Israeli troops reportedly shot at from Jordan
JERUSALEM (Reuters) - Israeli troops at a border crossing with Jordan came under fire from the kingdom on Tuesday, the Israeli military said, but Jordan quickly denied the report.
"Troops were fired upon from the Jordanian side of the border. It was unclear who the gunmen were," an Israeli spokeswoman said about the incident, which came 18 days into Israel's Gaza offensive. No one was injured, she said.
The troops, who were patrolling near a border crossing with Jordan in southern Israel, returned fire, the spokeswoman said.

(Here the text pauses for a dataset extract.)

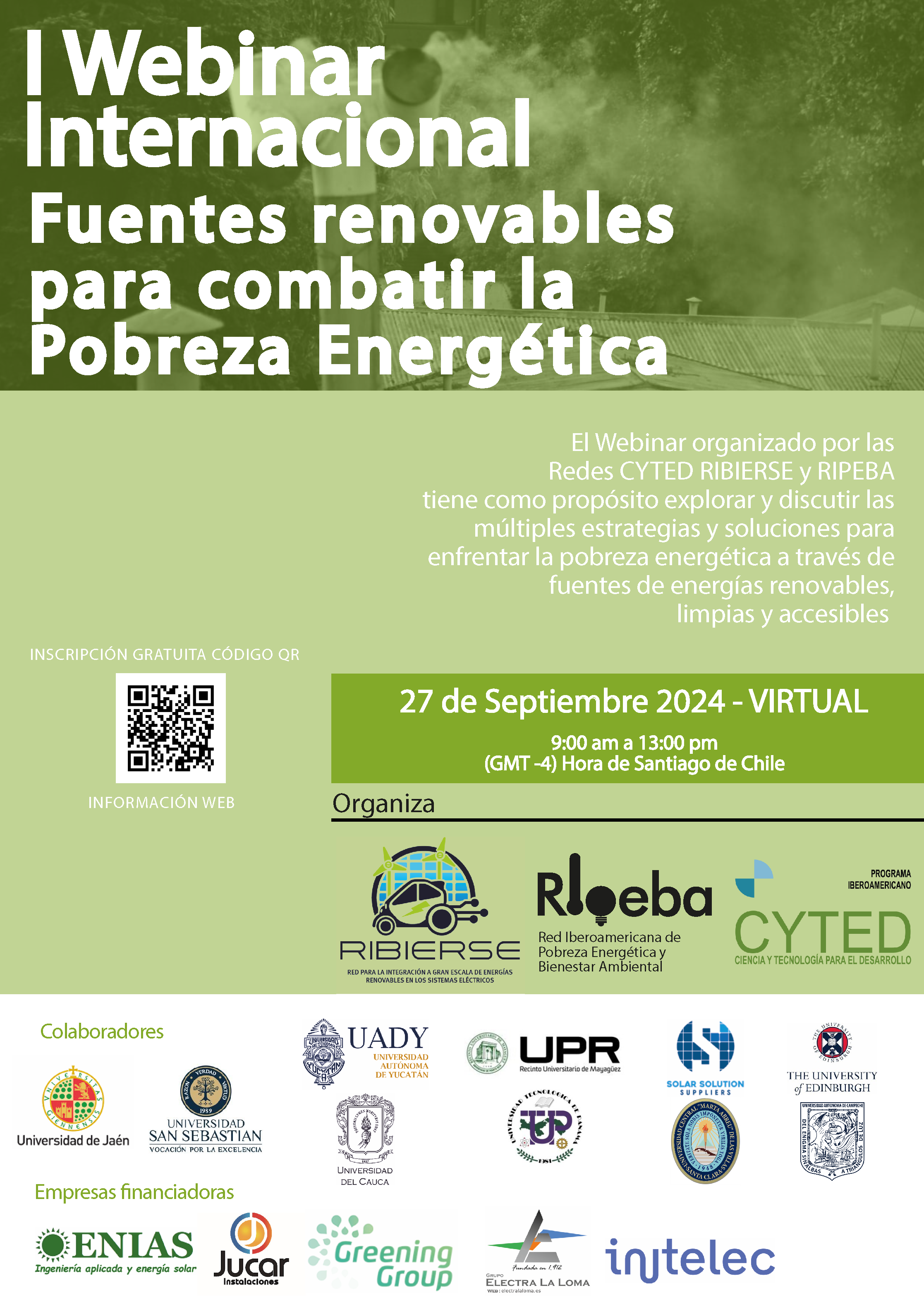 Las redes RIBIERSE-CYTED y RIBEBA-CYTED organizan este I Webinar Internacional sobre Fuentes renovables para combatir la Pobreza Energética, que se va a celebrar el próximo 27 de septiembre 2024 en ho

Jordan's Petra news agency said: "A military source in the General Command of the Jordanian armed forces denied ... that shots had been fired from the Jordanian side on the Western border, affirming that there is no truth to this information."
On Sunday, Israeli troops in the Golan Heights had come under fire from Syria.
Jordan signed a peace treaty with the Jewish state in 1994, becoming the second Arab state to do so, after Egypt.
Most of Jordan's five million citizens are of Palestinian origin, they or their parents having been expelled or fled to Jordan in the fighting that accompanied the creation of Israel in 1948.
Thousands of Jordanians have taken to the streets to protest Israel's military operation against Hamas militants in the Gaza Strip that has killed at least 925 Palestinians.
Israel's Border Police opened an investigation into the shooting.